Son of the poet Joaquim Rubió i Ors, Rubió y Lluch studied philosophy and literature at the University of Barcelona under Manuel Milà i Fontanals and Francesc Xavier Llorens i Barba and in the company of Marcelino Menéndez Pelayo, who was a longtime friend and colleague. The two are icons of Catalan positivism. In 1880 he became a tutor in the literature faculty there and in 1885 a full professor of general literature at the University of Oviedo, from which he was transferred to Barcelona. In 1889 he became a member of the Reial Acadèmia de Bones Lletres de Barcelona. In 1904 he taught Catalan literature at the Estudis Universitaris Catalans and in 1906 he was vice-president of the First International Congress of the Catalan Language (I Congrés Internacional de la Llengua Catalana / Primer Congrés Internacional de la Llengua Catalana). The next year (1907) he was named both a member and the first president of the Institute for Catalan Studies. He later presided over the Jocs Florals in Barcelona.

Politically, Rubió y Lluch defended Greek aspirations for Crete and, in 1897, inspired by Prat de la Riba, he wrote a manifesto of the Greek cause in the name of the institutions of Catalan civil life. He was recognised as honorary Greek consul at Barcelona for eight years and received the Greek decoration of "Knight of the Order of the Saviour"). He was made an honorary member of the Parnassos Literary Society.

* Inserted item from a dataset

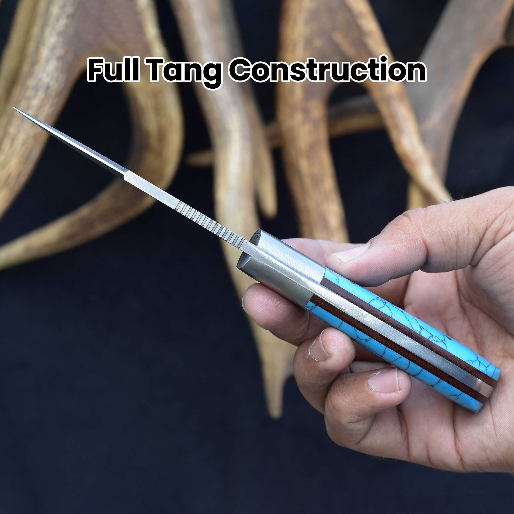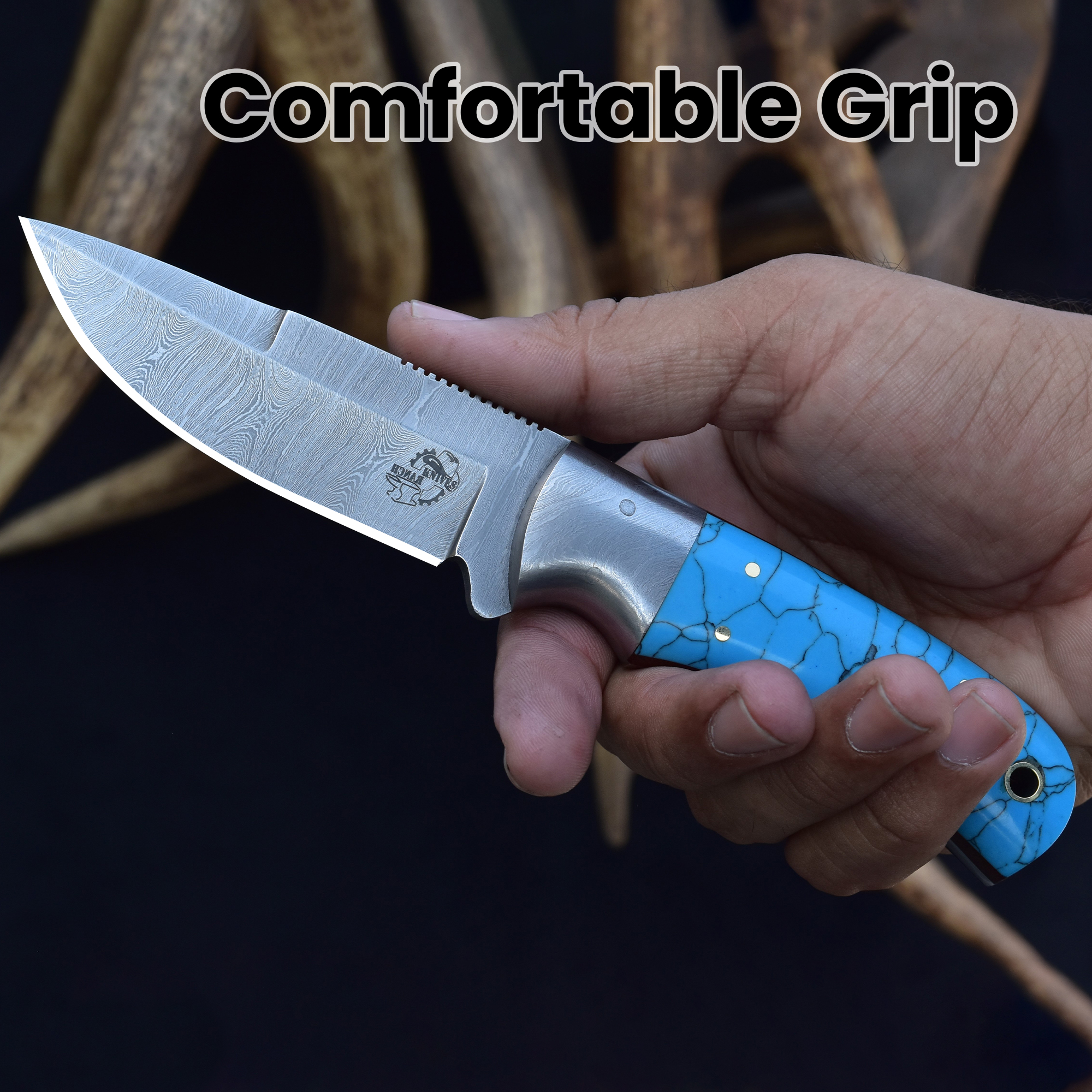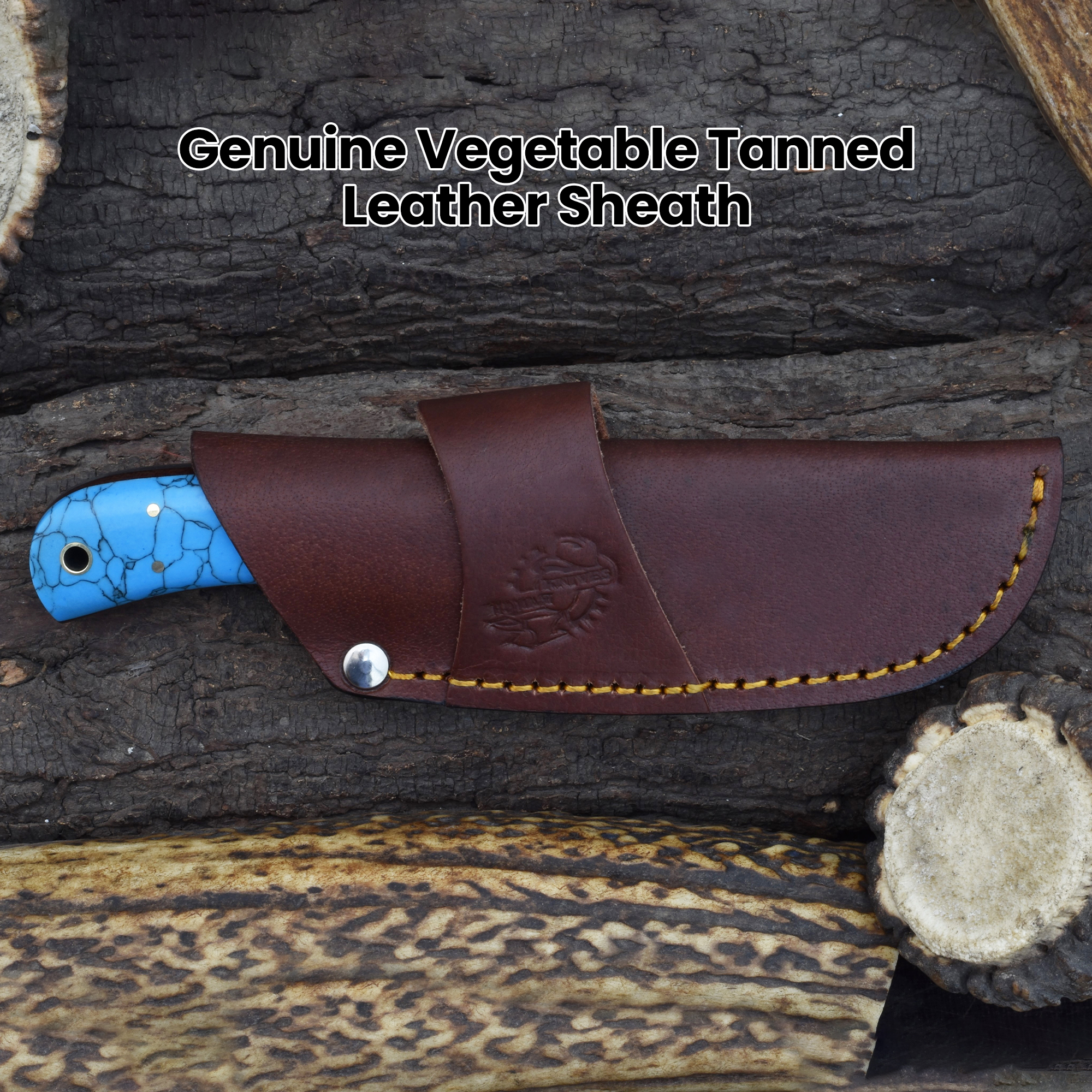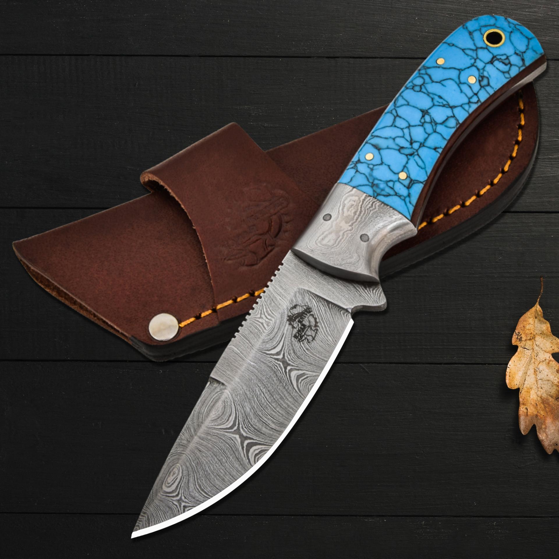This knife’s Damascus steel bolster provides balance and durability, complemented by a side mount sheath for ease of carry. The Damascus steel faux turquoise knife offers a bold style, while the handcrafted blade delivers reliable sharpness and longevity.

As well, he was a member of the Reial Acadèmia Catalana de Belles Arts de Sant Jordi, a correspondent of the Academia de la Historia de Madrid and the Academia Española (1930). He also served as president of the Centre Excursionista de Catalunya.

Among his students Ángel Valbuena Prat is particularly notable. Among his famous teachings were that Catalan did not exist as an independent language prior to 1326. Rubió y Lluch edited documents for Historia de la cultura Catalana Mitgeval or Documentos para la historia de la cultura catalana medieval (1908). He also edited Curial y Guelfa: Novela catalana del quinzen segle for the Reial Academia and translated Novelas griegas por Demetrio Bikelas, Jorge Drosinis, Argyros Eftaliotis et al. (Barcelona: Durán y Ca., 1893), a collection of Byzantine novels.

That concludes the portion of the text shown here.